A few weeks ago, Essie started acting weird.  She lost a lot of coordination, stopped eating, and started getting really interested in everyone else.  This came as a shock to Snickers, who was still expecting to be swatted for being that close.  Essie started loosing a lot of weight, and I packed her off to the vet.  Our regular vet didn’t have any openings, and I was really worried by that point.  We took her to the local cat vet, who I now refer to as Dr. Thyroid.  This guy thinks it’s the thyroid for everything.  Hyacinth had a stroke, but he said it was thyroid.  The medicine he gave her caused seizures, so we stopped giving it to her, and a week later she got better (cats apparently recover from strokes).  He said that Essie had the same problem with completely different symptoms, and prescribed the same medicine.

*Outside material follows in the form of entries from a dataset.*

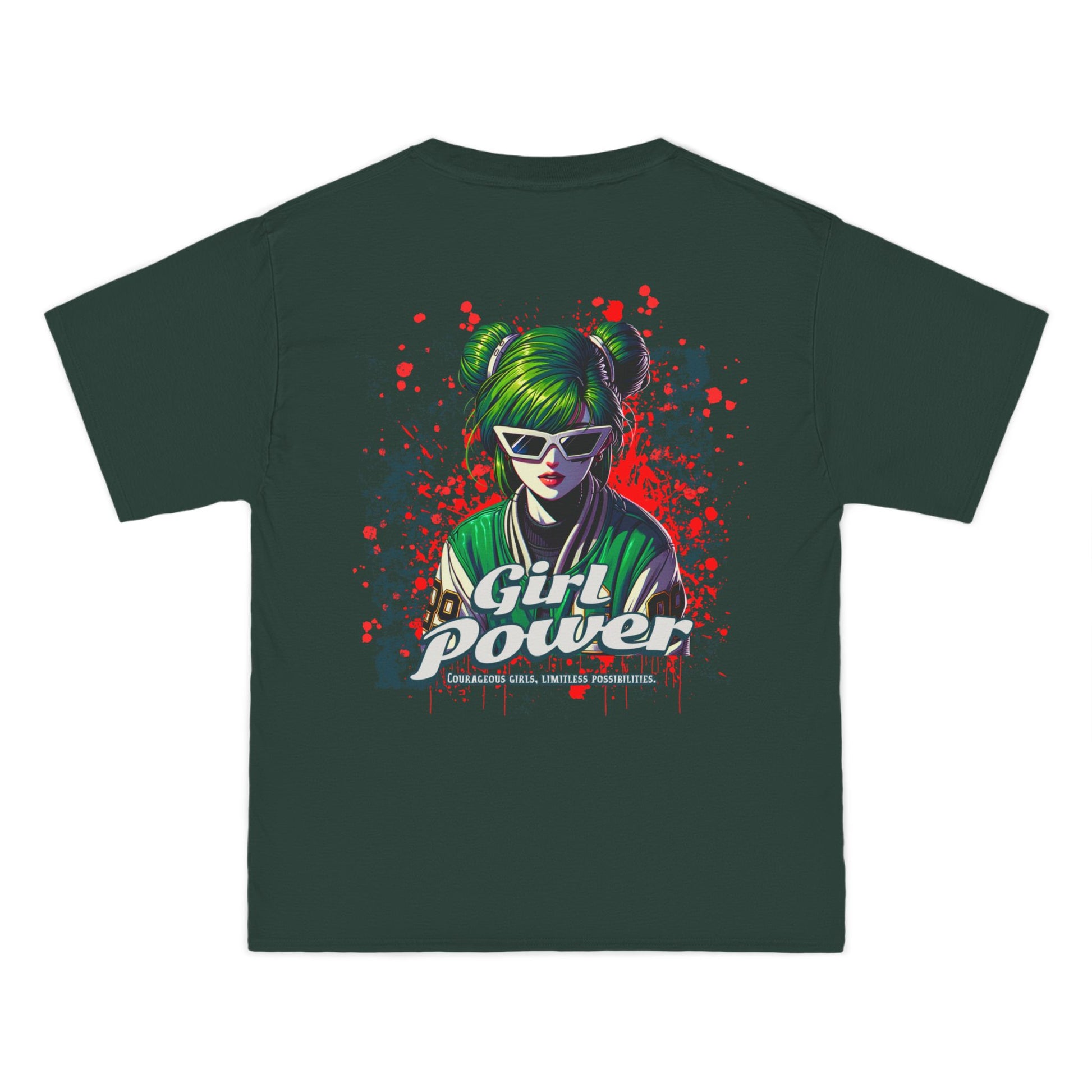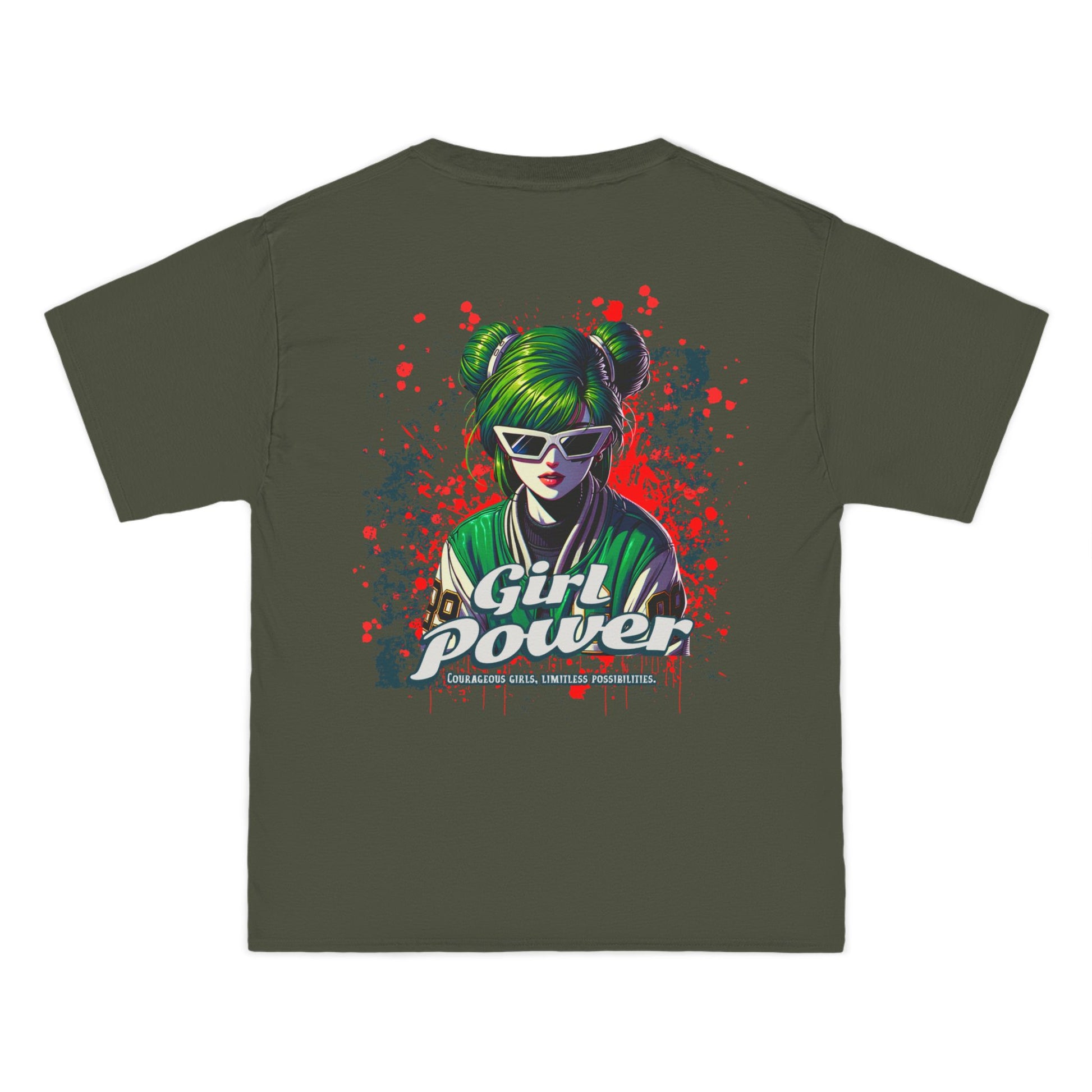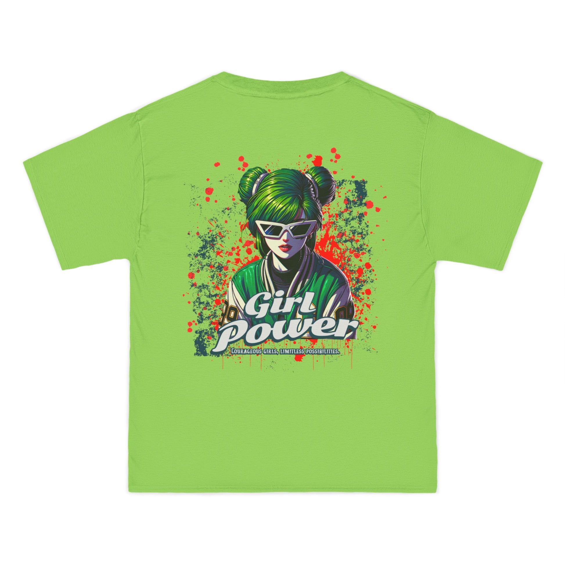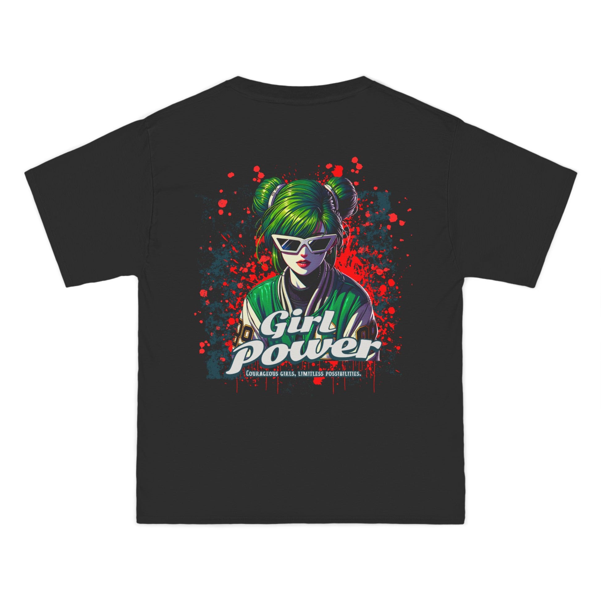 This shirt makes a fearless statement for those who bring results â not excuses. The green-haired, sunglass-wearing futuristic heroine merges cyberpunk flair with street-art attitude in a look that screams revolution and radiates confidence.
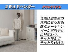 もう一つの商品は、一見するとコートハンガー・帽子掛けに見えますが、分解するとアッという間に2連のハンガーパイプ物干しに早変わりします。
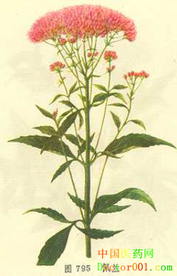 【標(biāo)題】 佩蘭 【拼音】 Peilan 【概述】 為菊科植物佩蘭Eupatorium fortunei Turcz. 的干燥地上部分。主產(chǎn)于江蘇、浙江、河北等地。夏、秋二季分兩次采割。切段生用,或鮮用。 【性味歸經(jīng)】 辛,平。歸脾、胃、肺經(jīng)。 【功效】 化濕,解暑。 【應(yīng)用】 1.濕阻中焦。本品氣味芳香,其化濕和中之功與藿香相似,治濕阻中焦之證,每相須為用,并配蒼術(shù)、厚樸、蔻仁等,以增強(qiáng)芳香化濕之功。又因其性平,芳香化濕濁,去陳腐,用治脾經(jīng)濕熱,口中甜膩、多涎、口臭等的脾癉癥,可單用煎湯服,如蘭草湯(《素問(wèn)》),或配伍黃芩、白芍、甘草等藥。 2.暑濕、濕溫。本品化濕又能解暑,治暑濕證常與藿香、荷葉、青蒿等同用。濕溫初起,可與滑石、薏苡仁、藿香等同用。 【用法用量】 煎服,5~10g。鮮品加倍。 【臨床研究】 1.化學(xué)成分:全草含揮發(fā)油0.5%~2%。油中含聚傘花素(對(duì)異丙基甲苯)、乙酸橙花醇酯,葉含香豆精、鄰香豆酸、麝香草氫醌。其它尚含有三萜類化合物。 2.藥理作用:佩蘭水煎劑,對(duì)白喉?xiàng)U菌、金黃色葡萄球菌、八疊球菌、變形桿菌、傷寒桿菌有抑制作用。其揮發(fā)油及油中所含的傘花烴、乙酸橙花酯對(duì)流感病毒有直接抑制作用。佩蘭揮發(fā)油及其有效單體對(duì)傘花烴灌胃具有明顯祛痰作用。 3.臨床研究: 據(jù)報(bào)道,以佩蘭配伍藿香、白術(shù)、扁豆、茯苓、杏仁、苡仁、滑石等,治療暑溫夾濕,傷及腸胃之腹瀉效果良好,2劑而愈(四川中醫(yī),1985,12:43)。 【參考文獻(xiàn)】 1.《神農(nóng)本草經(jīng)》:“主利水道,殺蠱毒,辟不洋。久服益氣,輕身不老,通神明。” 2、《本草經(jīng)疏》:“開(kāi)胃除惡,清肺消痰,散郁結(jié)。” 【圖片】 佩蘭 ![]() 佩蘭《本草綱目》 ![]() 佩蘭植株 ![]() 藥材佩蘭 ![]() 【表格】 佩蘭《中藥歌決》 【歌決】 佩蘭辛平歸入脾,健胃利尿祛痰宜; 頭痛鼻塞胸悶嘔,腰腹疼痛氣上逆; 胸悶腹痛嘔吐瀉,風(fēng)水腫毒穢惡氣。 (責(zé)任編輯:Doctor001) |
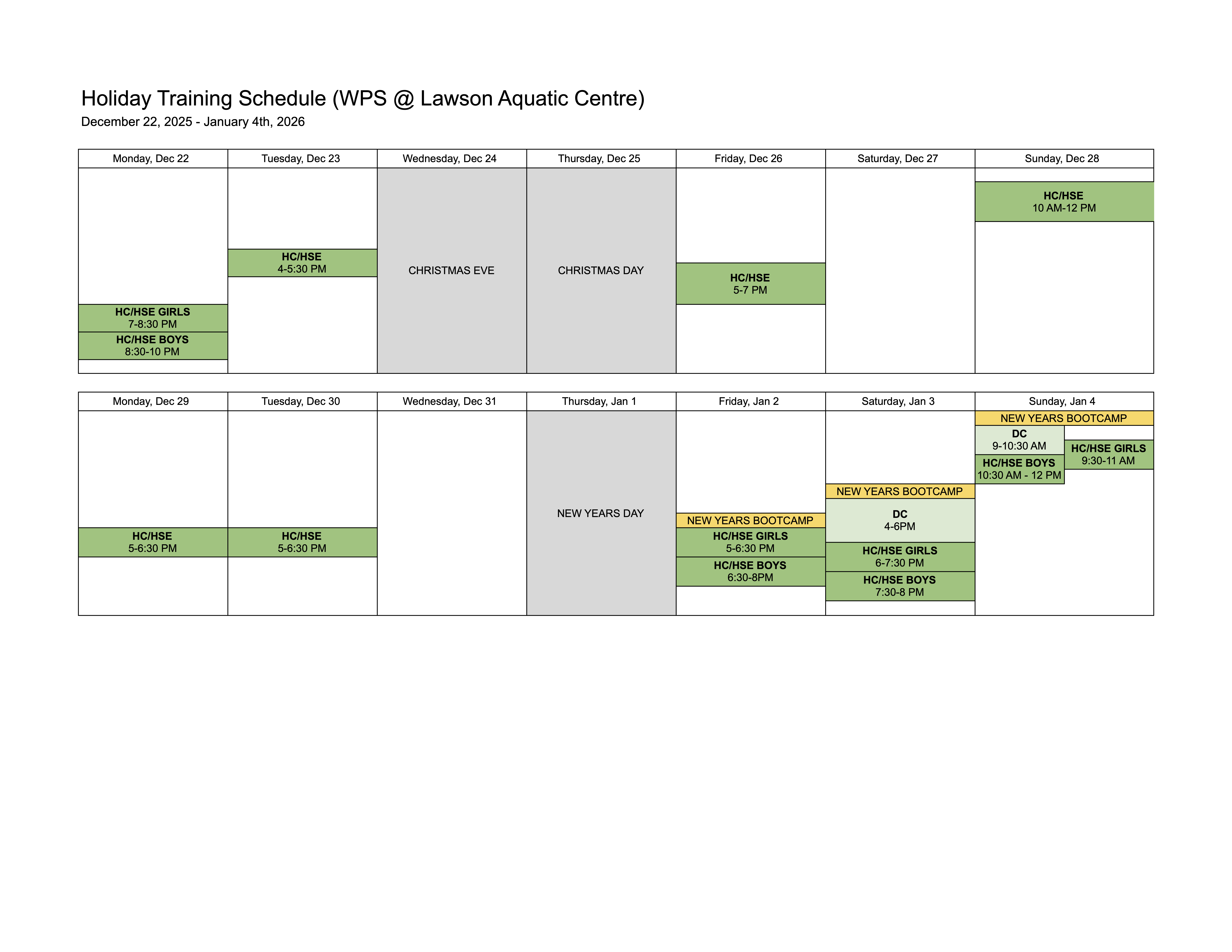2025 Holiday Training/Camp Calendar (Dec 22 - Jan 4)
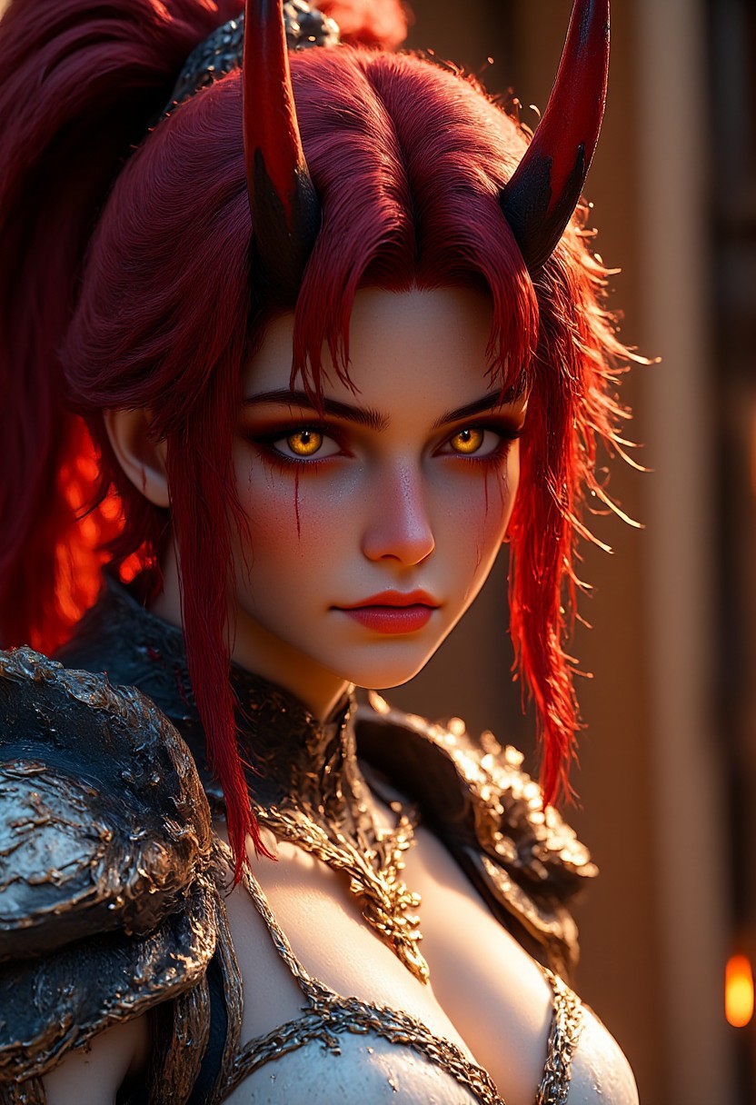 An hyper detailed cinematographic shot of Zeriastra, a loseup from side portrait of Zeriastra, woman (eruopeam caucasian, slightly tanned, adult, tall female, golden eyes, red makeup, red hair, streaked hair, long hair ponytail, ponytail, short hairs, red and black horns, spiky horns, large round breasts, muscular) wearing a white and black armor, hkstyle, the background is a blurred inferno. the focus is toward her face as she have an enraged expression
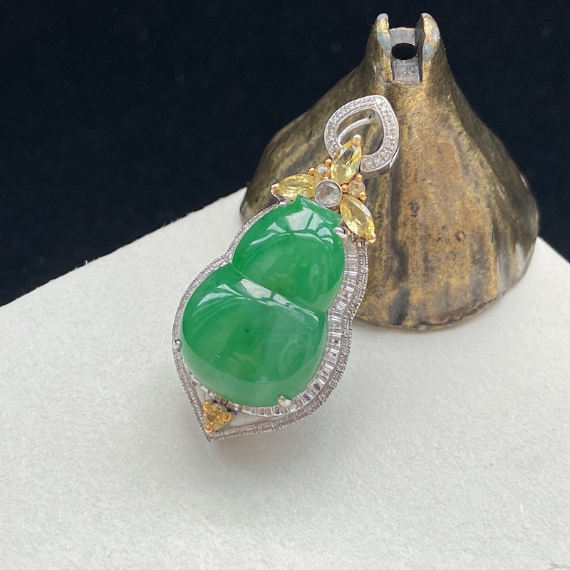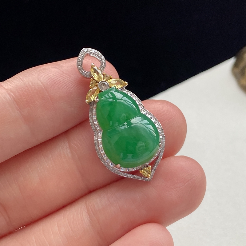 • 18K糯种豆绿色翡翠葫芦吊坠
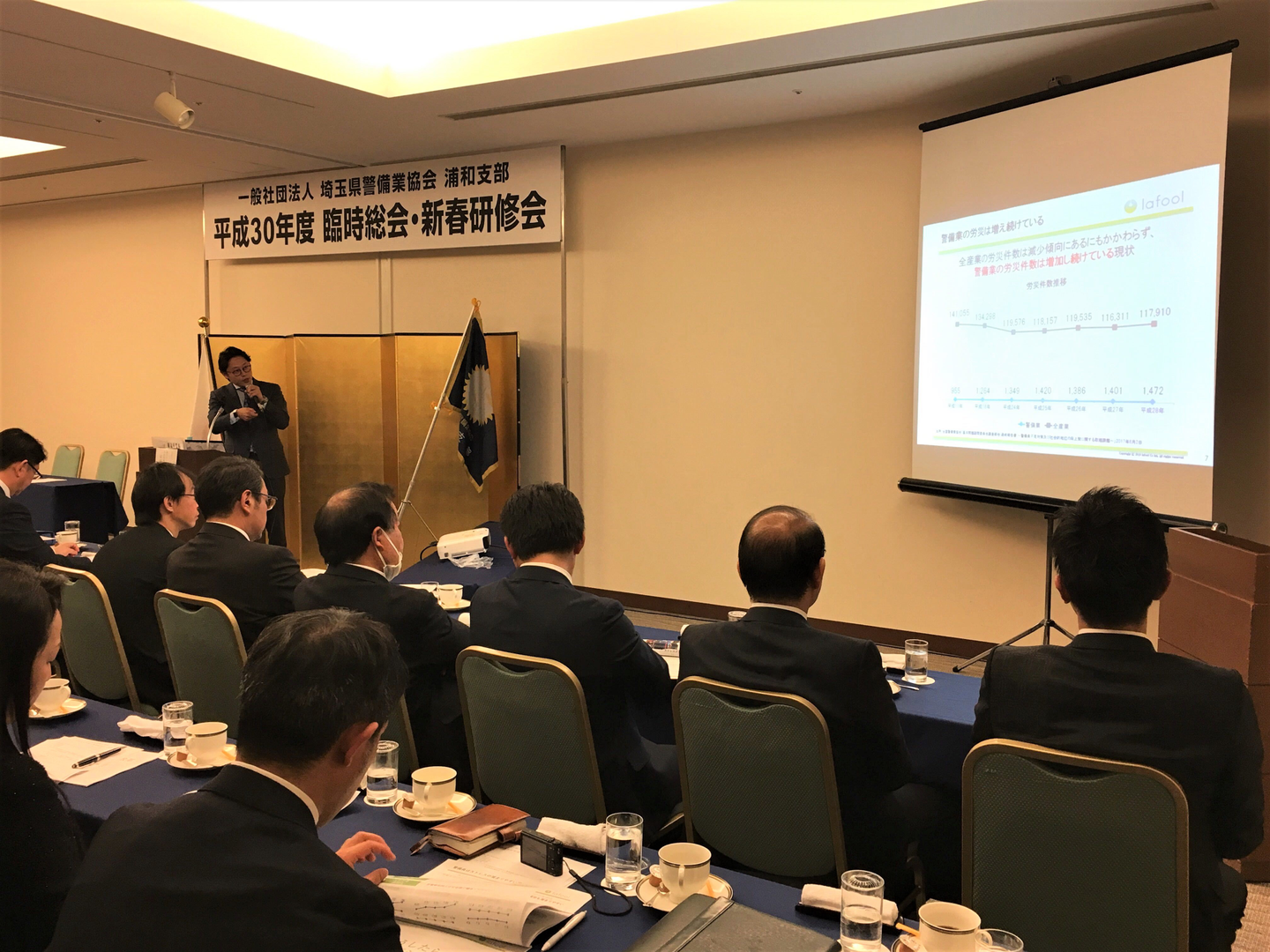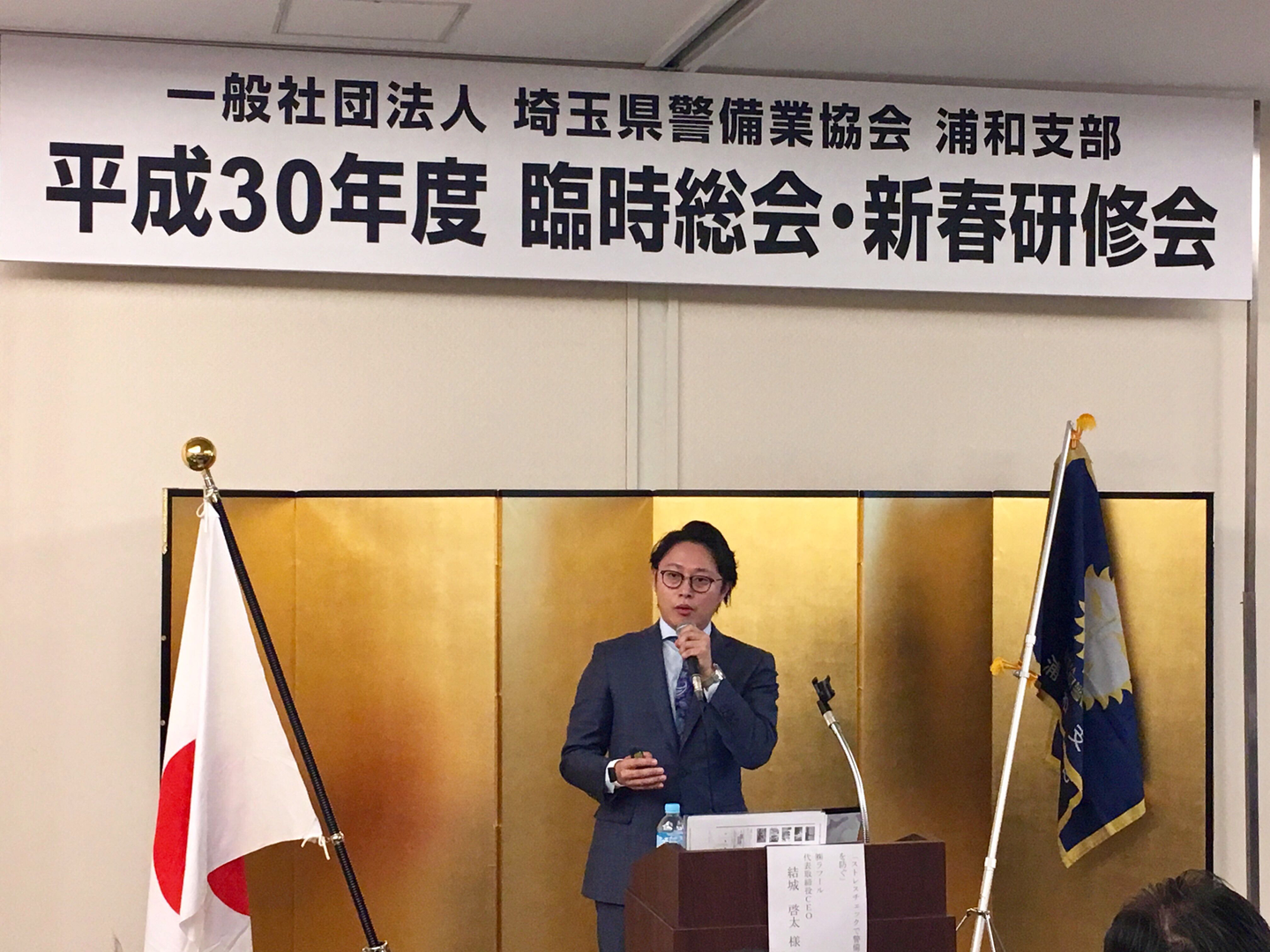 一般社団法人埼玉警備業協会 浦和支部の臨時総会にお招きいただき、警備保障会社様向けに弊社代表結城が登壇をさせていただきました!

It didn’t do anything for her.  We had to syringe-feed her, which became agonizing for everyone.  As she got worse, I decided that it was time to make the call, but I really didn’t want to.  Then, she started eating again!  I was cautiously optimistic, and we got her some kitten chow.  She wasn’t doing so well to start, but after a few days, she started putting weight back on and looking a lot better.  Things were looking good.  I would have liked to get her more veterinary care, but at $350 a visit, I had to play doctor myself.

Alas, I found my little ball of fluff laying still in the basement this morning.  She was almost 15 years old, not what I’d consider “ripe-old” for a cat (Shadow lived to 19 and, though stone-deaf, caught and ate a rabbit the week before she died).  I wrapped her up in a towel and packed her off to the pet crematorium, one last ride that for once she wouldn’t be freaked out about.  Essie was a constant through a number of very important milestones in my life, and the house is going to feel emptier tonight.

But I’m sure I’ll be finding tufts of hair for years.  That cat shed like it was a solemn duty.  She certainly was my little Danderpurr Cuddly Rumplebutt.